November 2025. Our opinions are in blue.

“It’s a lousy business. We’re earning sub-standard returns…’ And he knew that … a better machine … would all go to the benefit of the buyers … Nothing was going to stick to our ribs as owners.” Charlie Munger, SoCal Business School, 1984.

Humanoids are a big investment opportunity in venture investing.

Recent humanoid robot market studies project growth from roughly USD 2.9B in 2025 to around USD 15B by 2030 at ~39% CAGR, with demand from healthcare, personal assistance, manufacturing, logistics, and retail. (Source:MarketsandMarkets)

Independent analysis focuses on where profit actually accrues—arguing that today’s obviousness of the theme makes stock‑picking treacherous and that value may concentrate in specific layers (AI, hardware modules, and key application niches) rather than generalized platforms. (Source: Delphi Intelligence’s “Humanoids: Sizing the Profit Pools”)

iCapital’s humanoid note tracks private‑deal momentum and points out that “humanoids” funding in 1H 2025 already exceeded the entire 2010–2024 period, with $3.1B across 60+ deals, highlighting clear acceleration and crowding risk.

Crunchbase and similar data providers have done 2024 “Year of the Humanoid Robot” retrospectives that summarize deal volumes and showcase flagship raises (e.g., Figure’s large Series B, Physical Intelligence, Collaborative Robotics, etc.)

Regional Insights

  • The current ecosystem is Asia-dominated, especially China, with ~73% of involved companies and 77% of integrators based in Asia.

  • Chinese firms benefit from supply chain depth, supportive local adoption, and government policies, raising questions about future Western market positioning.

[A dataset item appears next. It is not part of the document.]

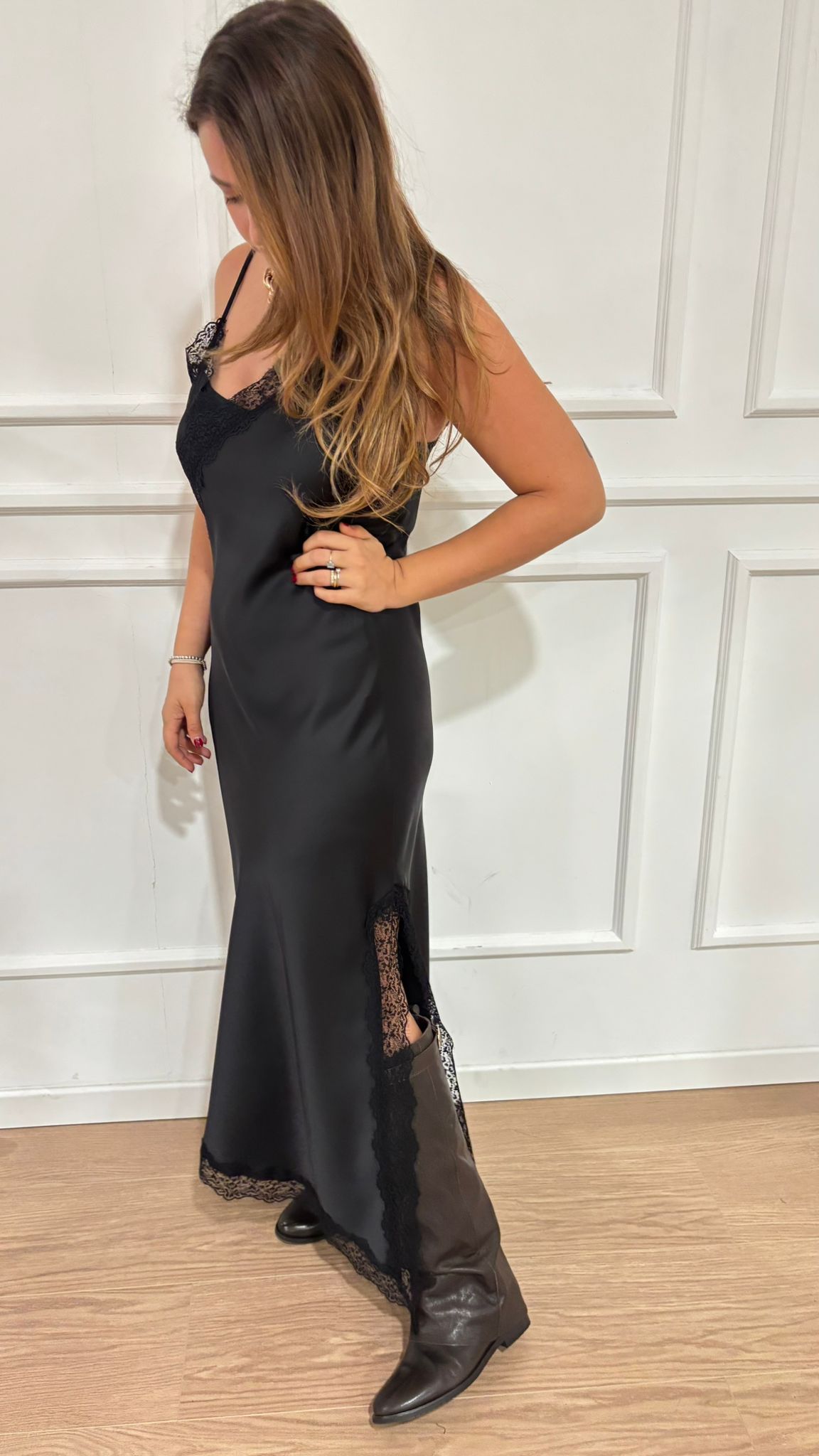Abito sottoveste Imperial AFVTKBA nero con inserti in pizzo

1. Business case: Reshoring, Demographics, Falling unit costs are the key drivers of the industry.

Infographic of humanoid robot adoption: near term (2025–2030) factory/logistics, mid term (2031–2035) services, long term (2036+) broad society; projected installs ~1M by 2030, ~25M by 2035, ~800M by 2050.

While still nascent today with fewer than 10,000 humanoids globally, these robots are already being tested and deployed in factories. From this small base, adoption is expected to scale materially, with the global install base projected to reach as many as 800 million humanoids by 2050.

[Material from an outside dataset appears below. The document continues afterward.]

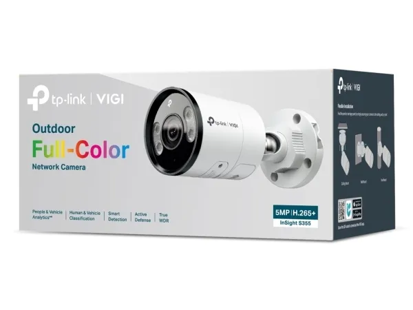 Efficient H.265+ Compression Technology H.265+ reduces the required bandwidth and storage space for videos while maintaining excellent image quality. It saves 57.5% and 15% more storage space compared to H.264 and H.265, respectively.TP-Link INSIGHT S355. Type: IP security camera, Placement supported: Outdoor, Connectivity technology: Wired. Mounting type: Wall, Product colour: White, Form factor: Bullet. Lens viewing angle, horizontal: 111.4°, Lens viewing angle, vertical: 58.8°, Lens viewing angle, diagonal: 134°. Sensor type: CMOS, Optical sensor size: 25.4 / 2.7 mm (1 / 2.7"). Detect distance: 64 m, Observe distance: 27 m, Recognize distance: 16 m

Aging demographics, tightening labor markets, and the push to reshore manufacturing are driving demand, while advances in hardware, software, and falling unit costs are setting the stage for wider adoption.

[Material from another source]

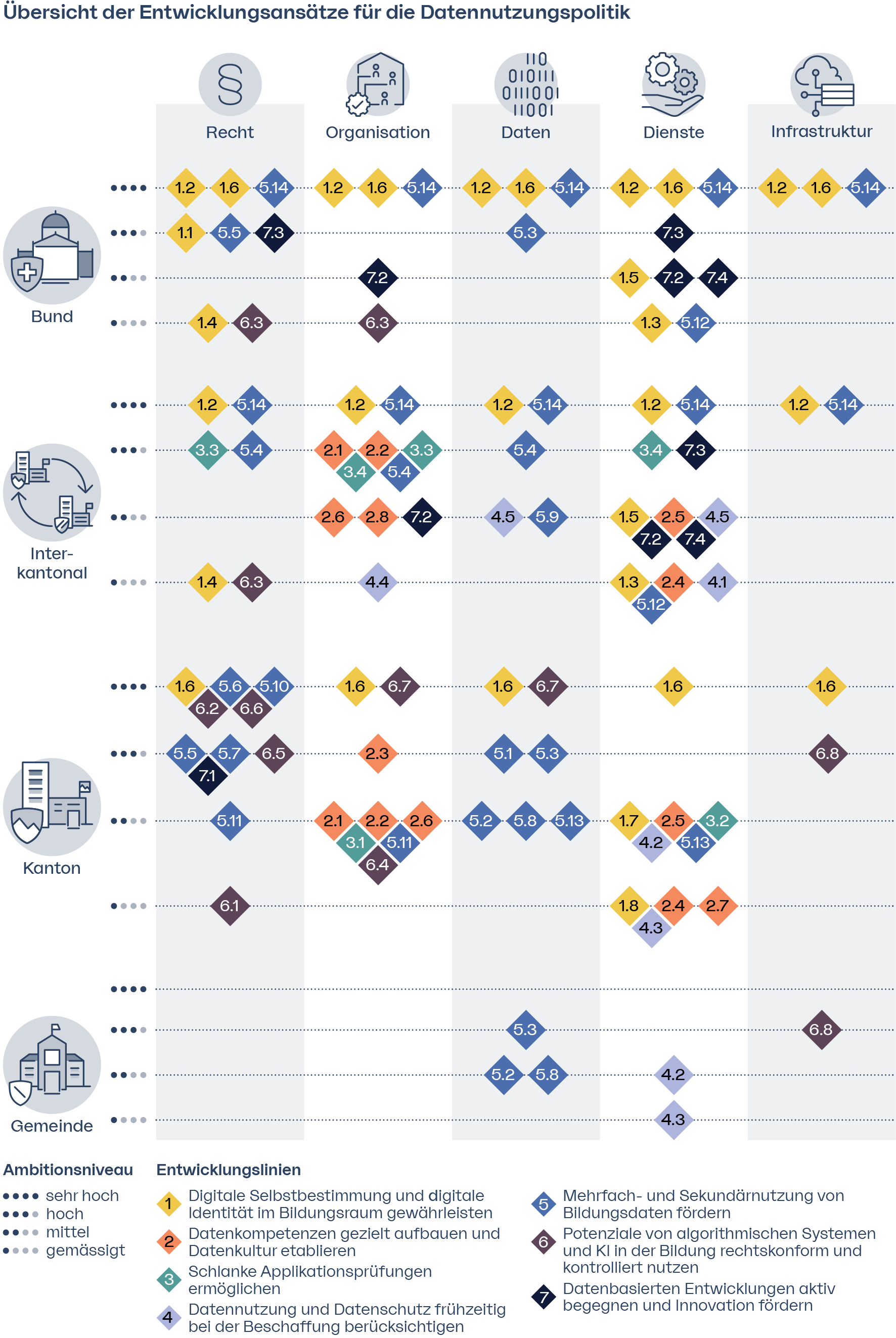 Die sieben Entwicklungslinien sind in total rund 50 konkrete Entwicklungsansätze gegliedert. Jeder dieser Ansätze ist fachlich und organisatorisch verortet, von den kommunalen Schulträgerschaften über kantonale und interkantonele Zuständigkeiten bis hin zu Bundesaufgaben. Schliesslich unterscheidet der Bericht vier Ambitionsniveaux, von «gemässigt» bis «sehr hoch».

The sales estimates range between the 800 million (Picture 1 - Source: iCapital Market Pulse Aug 2025), to 1 billion below, by 2050 (Picture 2 - Source: Polar Capital Investment Insights October 2025)

Chart of cumulative humanoid units rising to 1B by 2050; pies show mix shifting from industrial-dominant in 2030 to larger services/household shares by 2050.

In our opinion these projections are too optimistic, if you consider that based on the UN projection, a reasonable estimate for the population of developed countries in 2050 is ~1.2 billion people. We strongly believe that in the next 25 years this technology will be limited to adoption in developed countries due to financing constraints. (Source: IPO CLUB Research. We cover the robotics market for America 2030)

So we take the combined total population of U.S., China and Europe ≈ 2.36–2.46 billion people in 2050, respecticely 0.43+1.3+0.7 billion. (Source: Wikipedia)

An estimate of 800-1,000 million globally seems high in comparison We expect the market to be between 200 and 500 million units globally by 2050. (Source: IPO CLUB Research. We cover the robotics market for America 2030)

Our numbers are also lower than the Morgan Stanley Humanoid 100 Report, which estimates the global installed base of humanoid robots will reach as high as 1 billion units by 2050, assuming their upper projection scenario. (Source: Morgan Stanley)

1.1 IPO CLUB Research Coverage

Funding/valuation table for humanoid startups—Figure AI ($40B, C), 1-X ($10B, B), Apptronik ($5B, B), Skild AI ($4.5B, B), Agility Robotics ($2.12B, C)—with revenue and market-focus columns.

Revenues represent the hypothetical sales level required to justify the stated valuation at a 5× revenue multiple; they are not actual reported revenues. (Source: IPO CLUB Research. We cover the robotics market for America 2030)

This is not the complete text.